その笑みを顔面に張り付けたまま彩夜は高らかに宣言する。


「光の時代はもうすぐ終わる。闇の時代の幕開けも近い。まずは、優香のあの力を奪う」


「御意」


雷音が膝を折り礼をとる。春花も雷音に習って慌てて膝をおり「ぎゅ・じゃなかった・・御意?」


「戦争の始まりだ」


この宣言により、最後の戦いの火蓋が切って落とされた。





同時刻。最高指揮官室に守護者と後継者が集められた。


「おそらく、彩夜は戦争を仕掛けてくる」


「そろそろ来る頃だとは思っていたが・・・・・案外早かったな」


凪はきつく目を閉じる。また人死にを見ることになるのか。だが、次の優香の台詞を聞いた瞬間、そんな考えが吹っ飛んだ。


「この戦争、一般人を巻き込まないために私達だけでやるよ」


「はぁ!?」


「どういう・・・」


優香は窓の外を見る。外は昼にも関わらず暗くなっていた。


「理由は今から話す。
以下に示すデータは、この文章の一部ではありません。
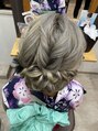 編み込みを取り入れたまとめ髪スタイル。ゆかたに合わせて上品で落ち着いた印象に仕上げました。花火大会や夏祭りにぴったりです。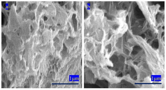 The imaging technique of scanning electron microscopy (SEM) includes a platinum coating system for the measured samples to increase the resolution of the images. Therefore, thin films of platinum were used to coat the powder samples. Figure 8 shows SEM images of CNOVC. They show that CNOVC has plate-like morphology, agreeing with the literature on LDHs [48,49,50]. Hexagonal plates were observed for the CNOVC sample, as seen in Figure 8b.
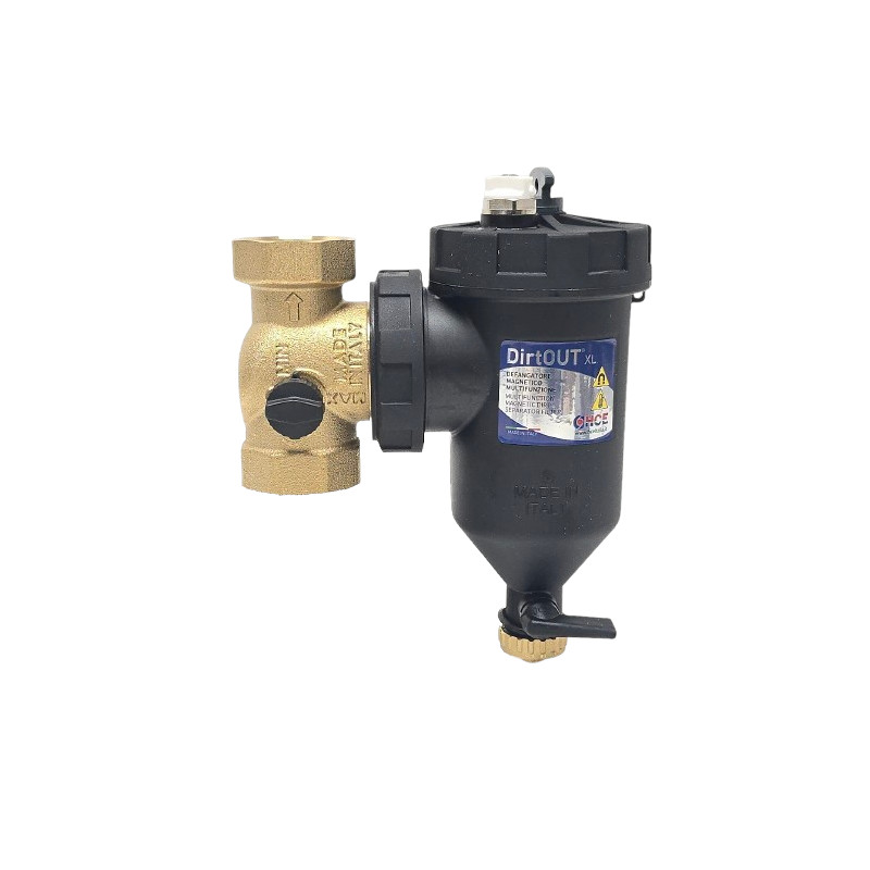 DirtOut XL multifunktions smutsavskiljarfilter med magnet för pannor och värmepumpar. Anslutning DN32. Denna modell levereras inte med avstängningsventiler.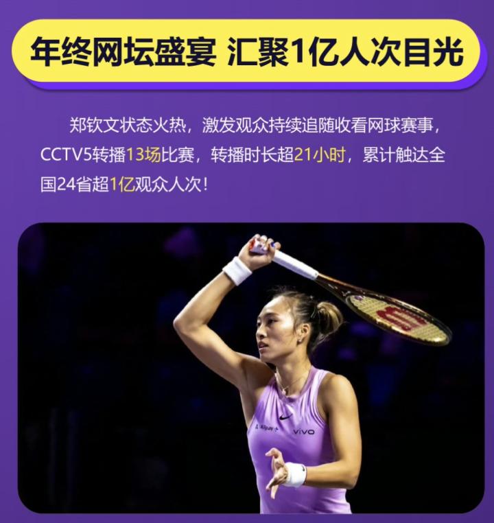 收视火爆!郑钦文年终决赛超3400万人观看,收视率居同时段第一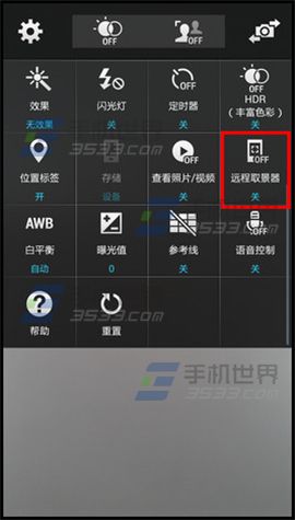 1)打开三星S5手机【相机】点击【设置】,找到并点击【远程取景器】。(如下图)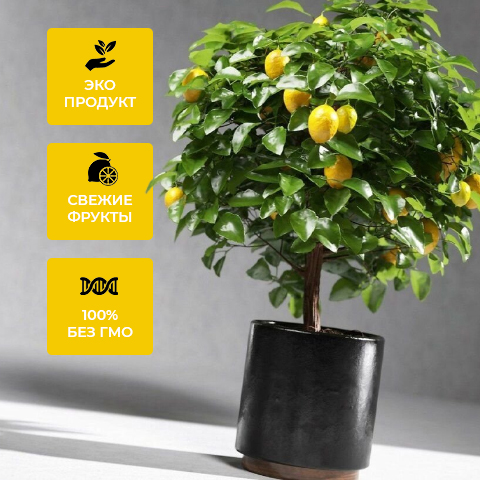 Наш гибридный мини-лимонник занимает всего несколько квадратных дюймов, но при этом радует вас сочными и ароматными лимонами. Он легко разместится на окне, столе или подарочной полке, добавляя изысканности и свежести в любое помещение.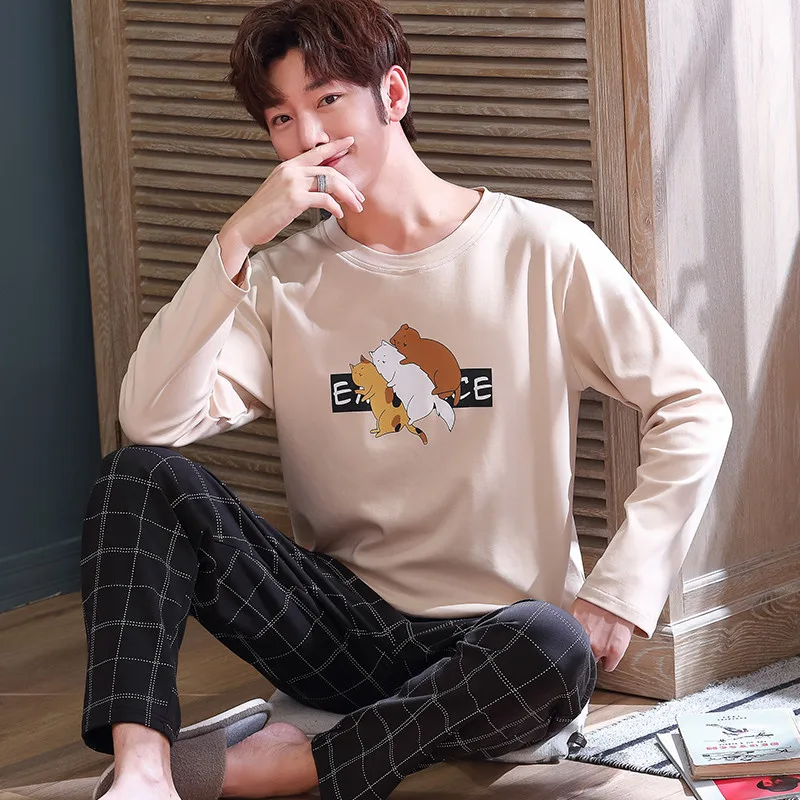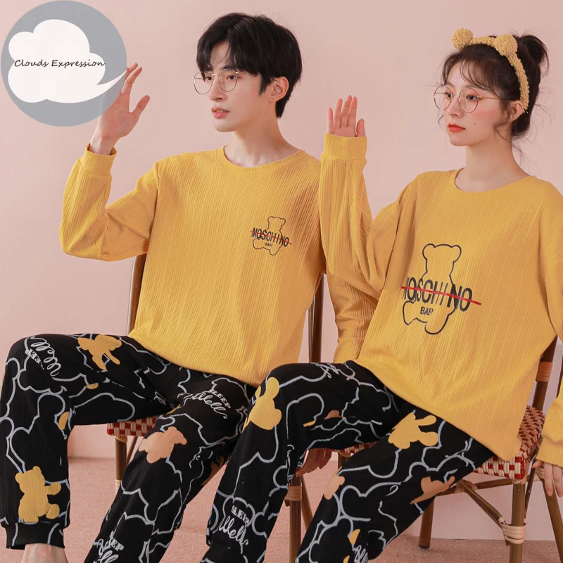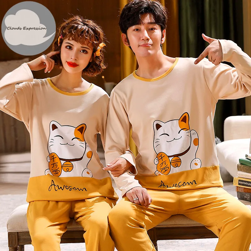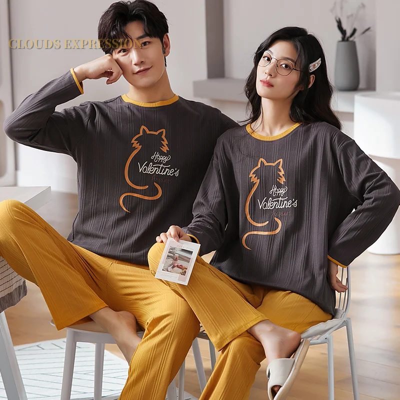 Осень-зима полосатая Хлопковая пижама-костюм с изображением любимых пижамы PJ комплект Для женщин, одежда для сна с рисунком персонажей из мультфильмов, Для мужчин, Пижамный набор пижам для девочек, пижамы, домашняя од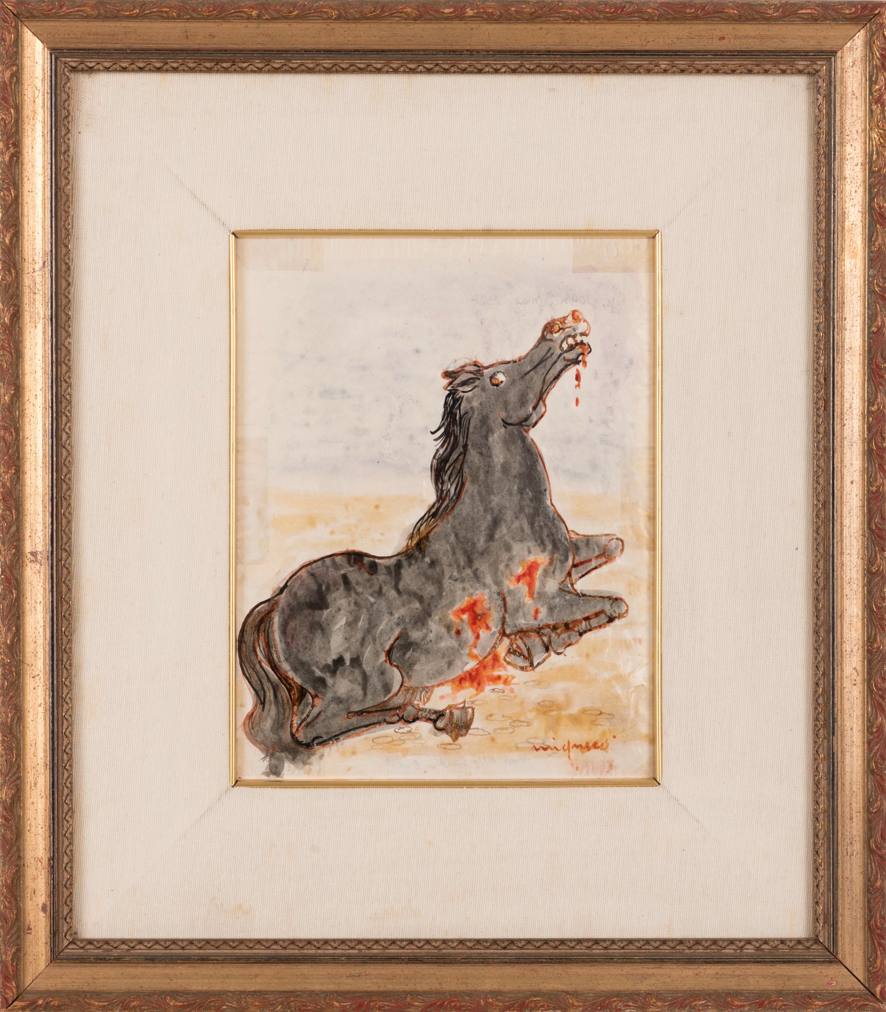 Giuseppe Migneco (Messina, 09/02/1903 - Milano, 28/02/1997) Romanza della guardia spagnola China colorata su carta cm 28x22; con cornice cm 50x42 1986
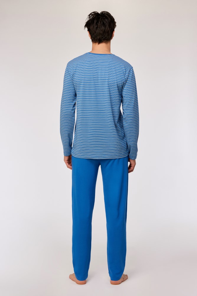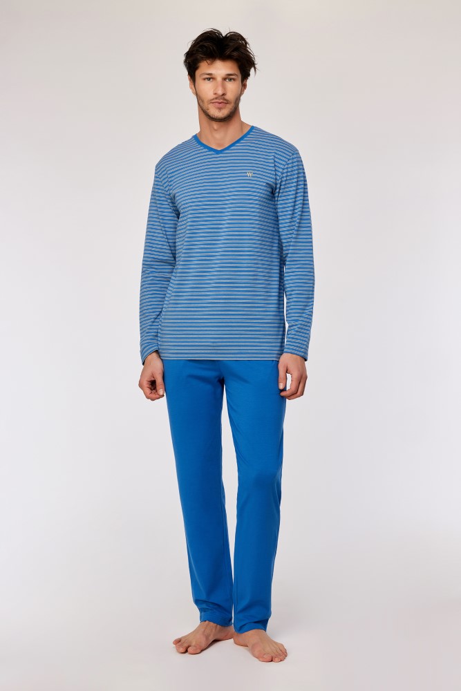 Blauwe pyjama van soepel katoen. Het bovenstuk is geel gestreept en heeft een V-hals. De broek is effen blauw. Verkrijgbaar in de maten S-XXL.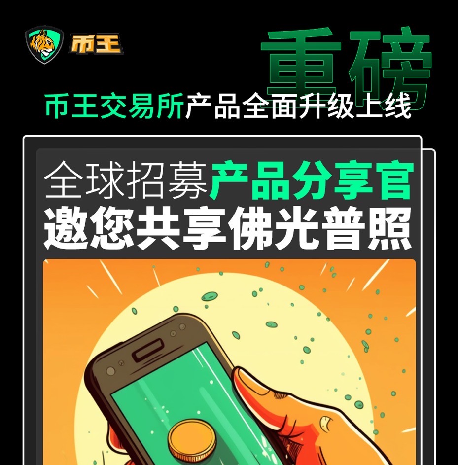 币王交易所产品全面升级上线,全球招募产品分享官,共享佛光普照!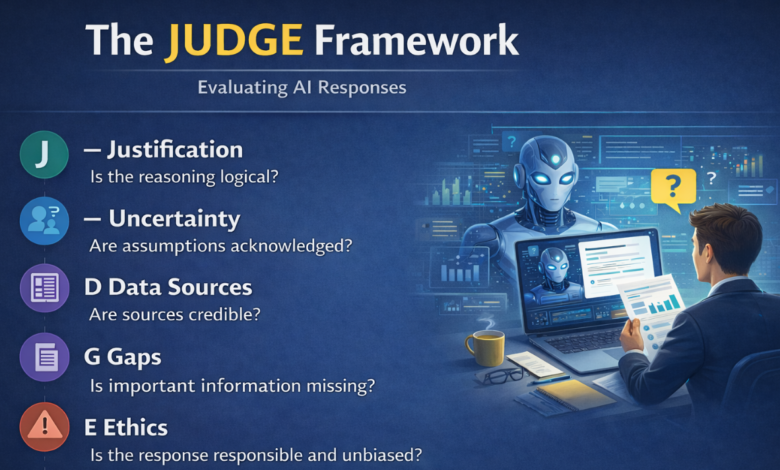 The JUDGE Framework provides a structured way to review AI-generated answers before relying on them.

私の事も含めて」


「おい!それは・・・・」「緋寒から止められてるだろうが!忘れたのか?」


「私、隠し事とか好きじゃないんだよね。それにここにいる皆は私が一番信頼している人達だから知って欲しい。これを知った皆が私をどう思おうが・・・・・・覚悟は出来てる」


迷いなく言い切る。優香はこうなったら絶対退かないことをわかりきっている二人は、ため息をつき


「ちっ、勝手にしろ」


「優香がそう決めたなら俺はなにも言わない」


竜也はソファーに深く腰掛け不機嫌そうに美麗から茶菓子を盗り、天罰が下った。まぁ反対しないって事は私の気持ちをくんでくれたのだろう。連夜は優香の頭を撫で、小声で「頑張れ」と呟く。


無意識に呼吸が荒くなる。もしこれを知った皆が離れていったら自分は耐えられるだろうか。いや、耐えるしかない。覚悟したじゃないか。このことを知ったときから。


ごくりと唾を飲み込む。らしくもなく緊張しているみたいだ。